*** Opening of Recorded data ***

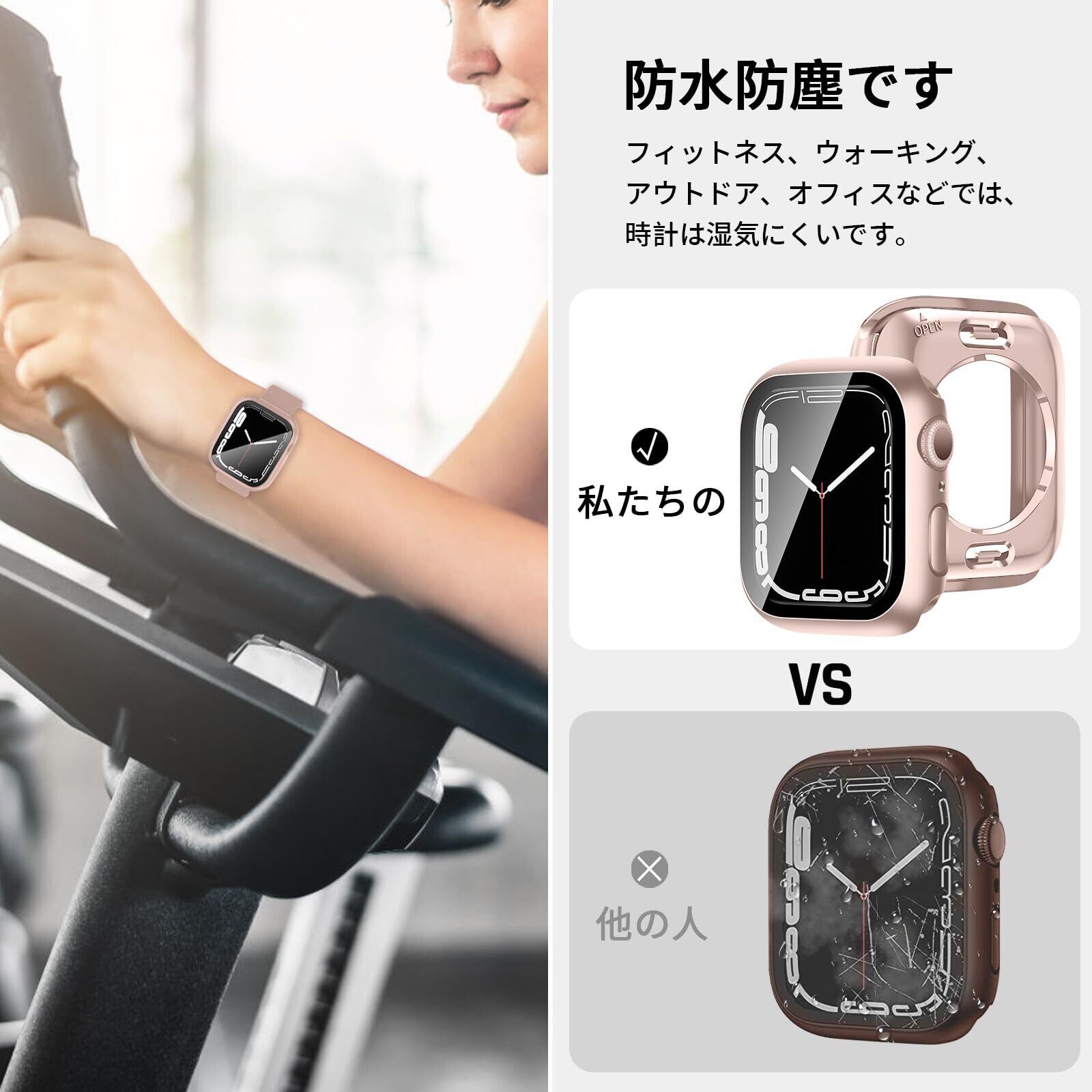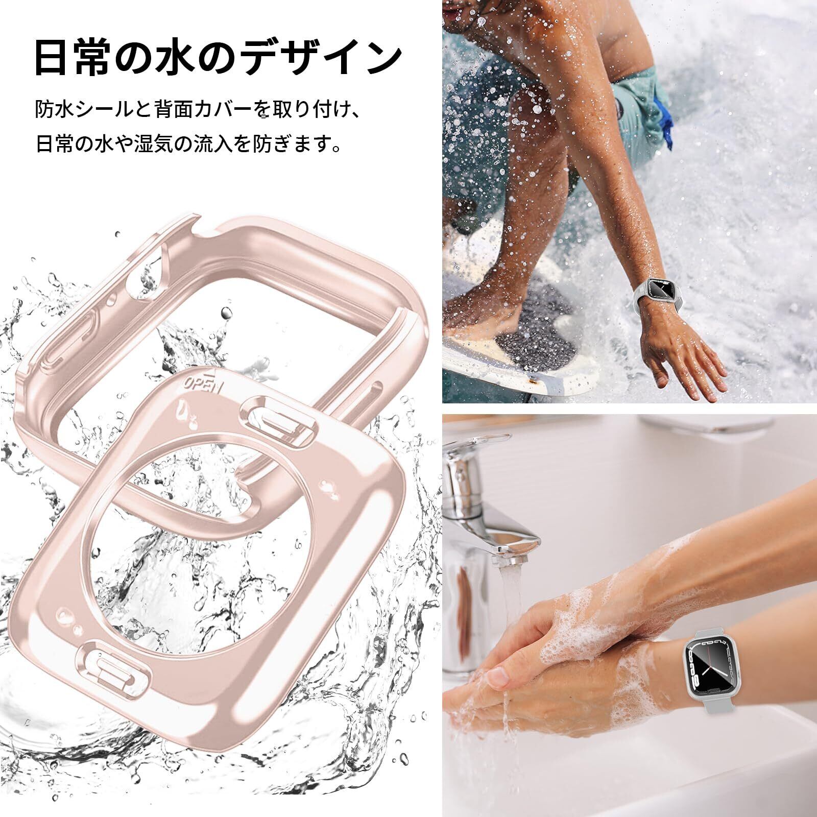 【360ど度 防水設計】Apple Watch ケース特殊加工による360ど度 防水設計により、 手を洗う時はもちろん汗をかいた時、シャワーを浴びた時にもかかわらずにアップルウォッチをご使用できます。 ※アップルウォッチ本来の防水性能を向上させるものではありません。プールや海などの水場でのご使用時はアップルウォッチの説明に従い、スキューバダイビング、ウォータースキーなど、水圧が高くなったり、所定の水深より深く潜るようなアクティビティはしないでください。
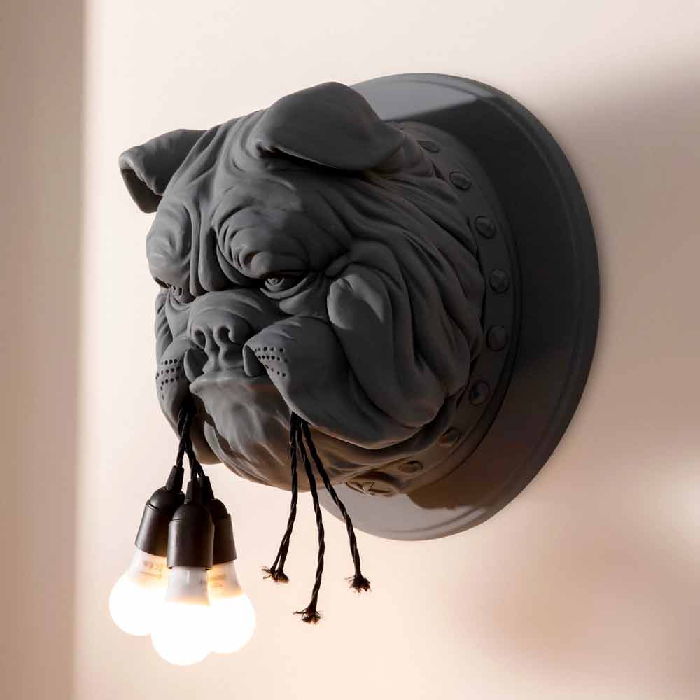 Vägglampa med 3 lampor i vit eller grå keramik i form av en bulldog, handgjorda objekt tillverkade i Italien.
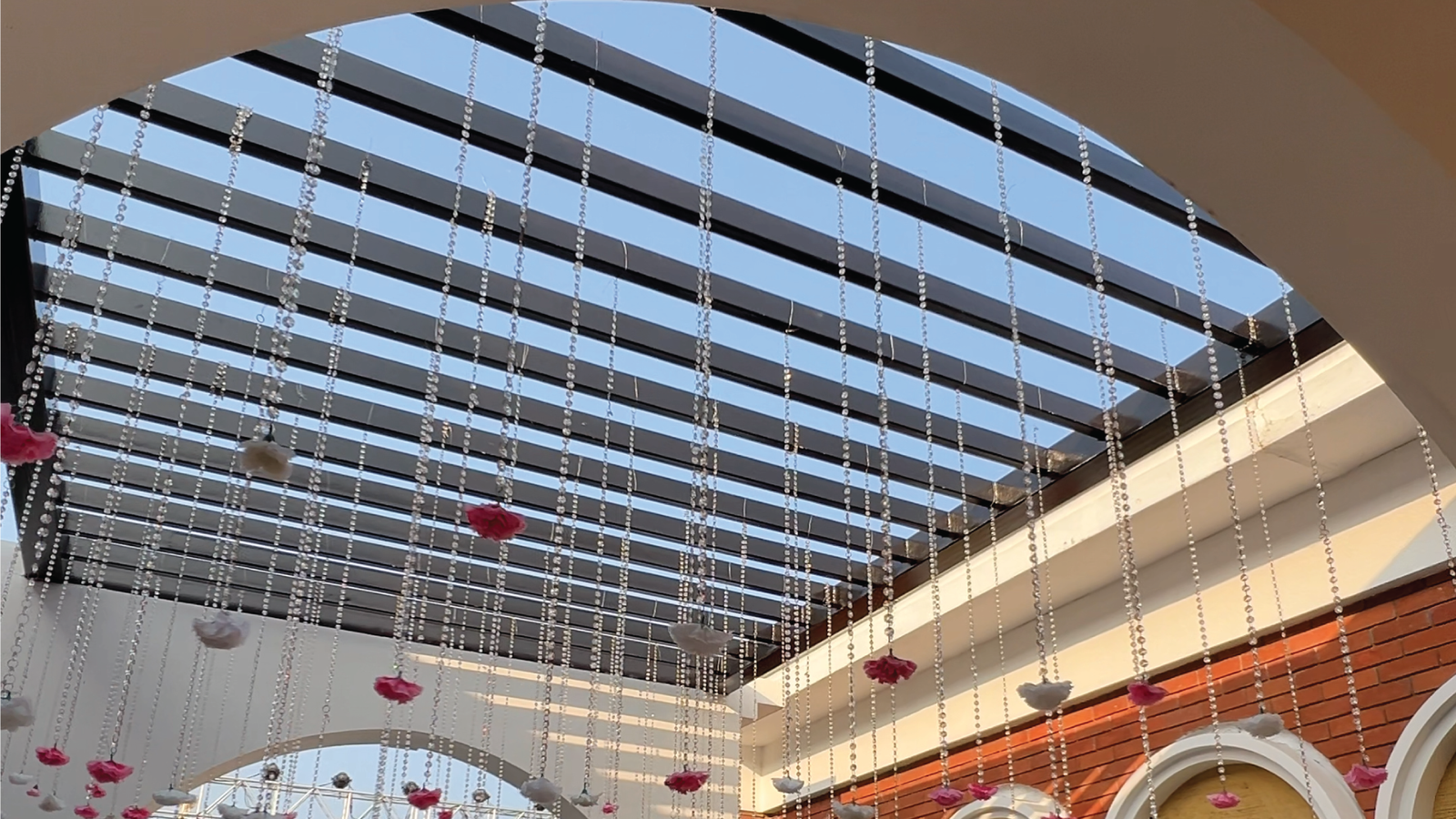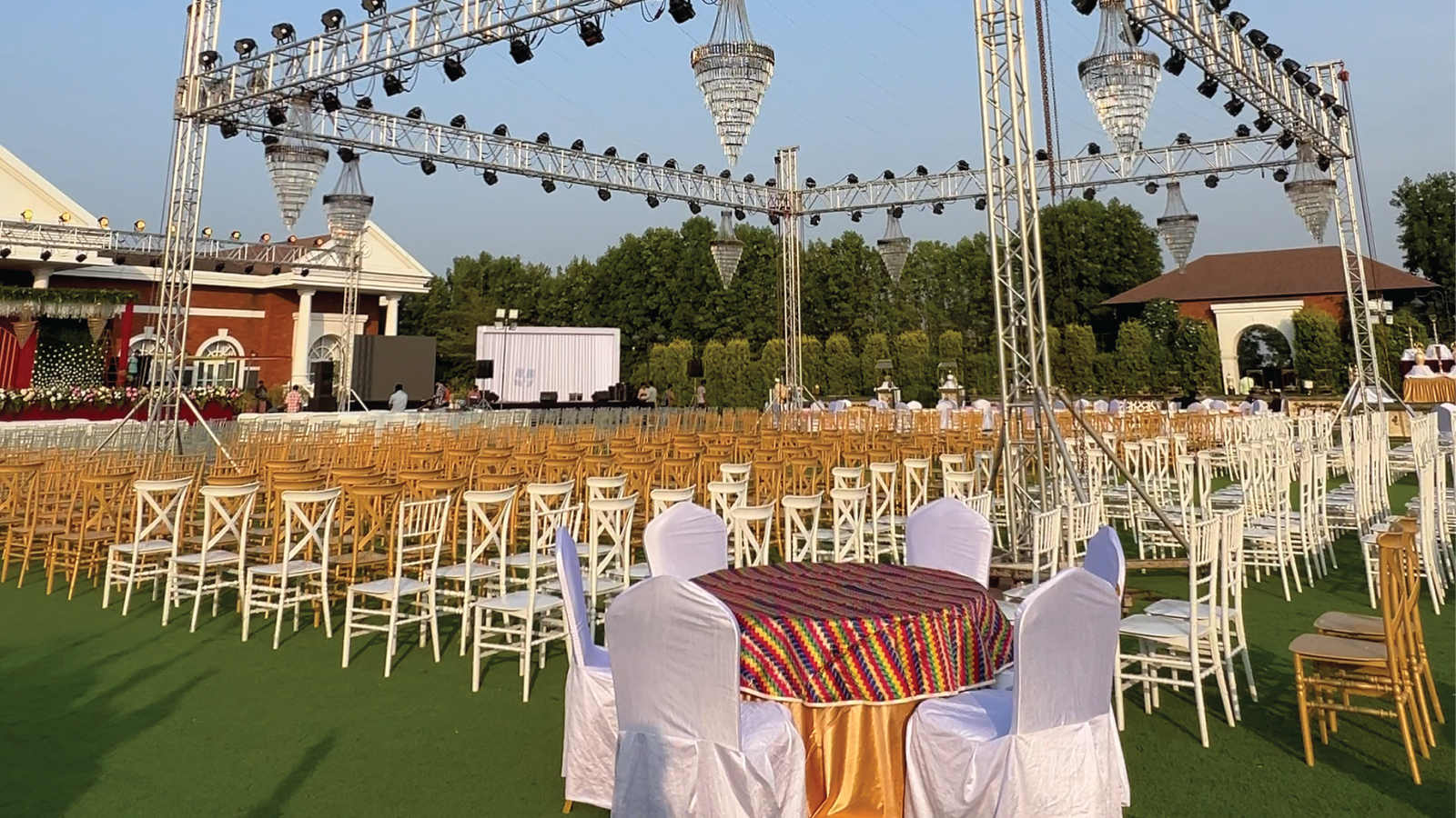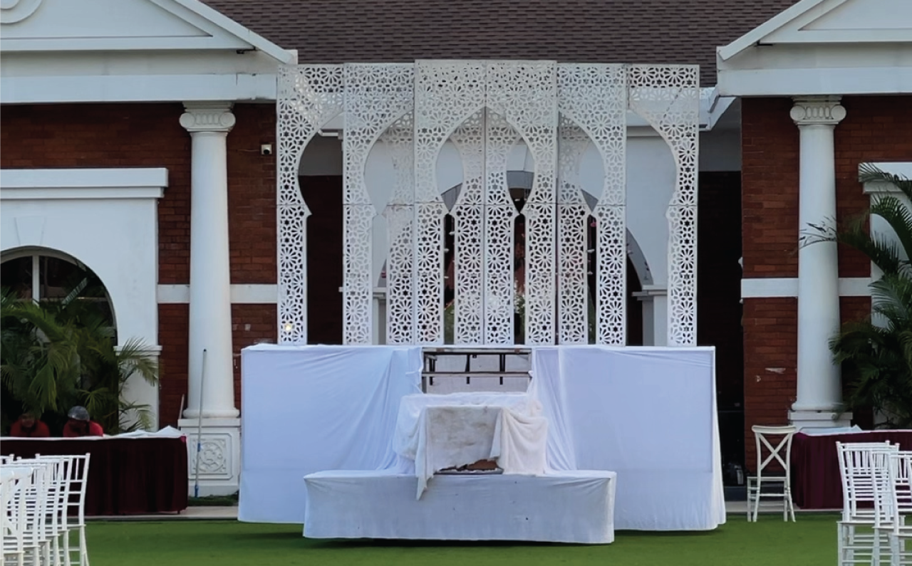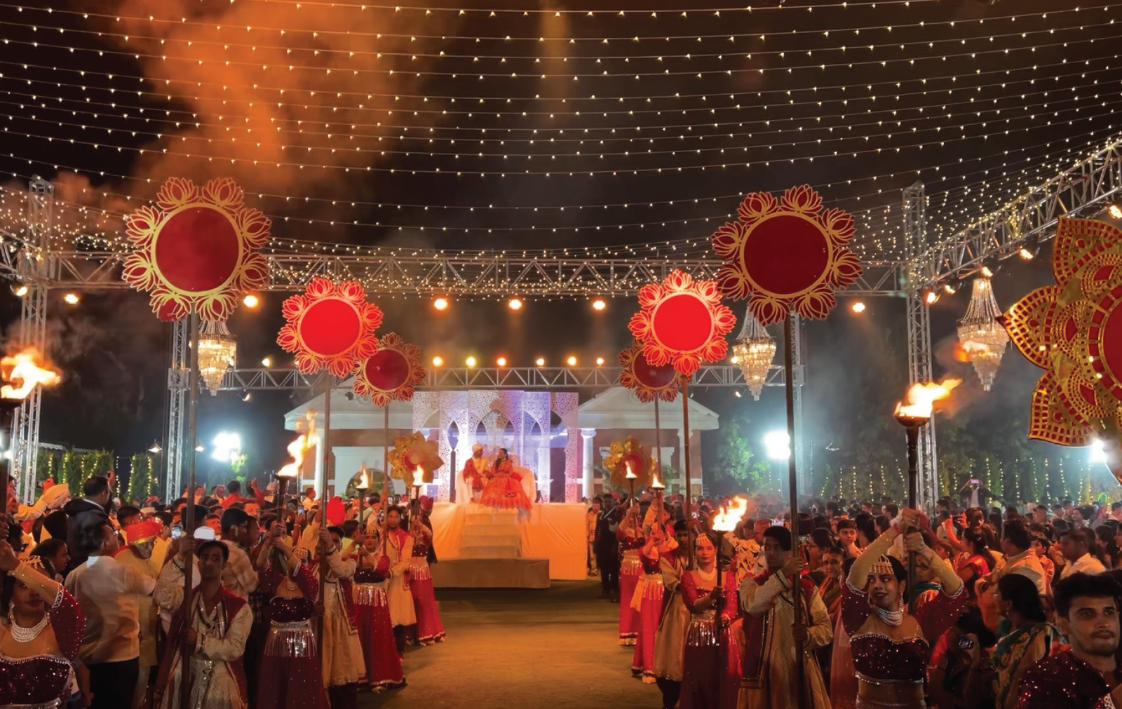 Guests walked into a world where every corner glowed — from cascading string lights that painted the sky, to statement backdrops that turned photographs into timeless portraits. The mandap, a masterpiece in florals and symmetry, stood as both a sacred space and a visual showstopper, blending tradition with dramatic scale.

*** Close of Recorded data ***

_Assigned task:_ Without including any pictures, copy every line above exactly.

_Worked solution:_
 【360ど度 防水設計】Apple Watch ケース特殊加工による360ど度 防水設計により、 手を洗う時はもちろん汗をかいた時、シャワーを浴びた時にもかかわらずにアップルウォッチをご使用できます。 ※アップルウォッチ本来の防水性能を向上させるものではありません。プールや海などの水場でのご使用時はアップルウォッチの説明に従い、スキューバダイビング、ウォータースキーなど、水圧が高くなったり、所定の水深より深く潜るようなアクティビティはしないでください。
 Vägglampa med 3 lampor i vit eller grå keramik i form av en bulldog, handgjorda objekt tillverkade i Italien.
 Guests walked into a world where every corner glowed — from cascading string lights that painted the sky, to statement backdrops that turned photographs into timeless portraits. The mandap, a masterpiece in florals and symmetry, stood as both a sacred space and a visual showstopper, blending tradition with dramatic scale.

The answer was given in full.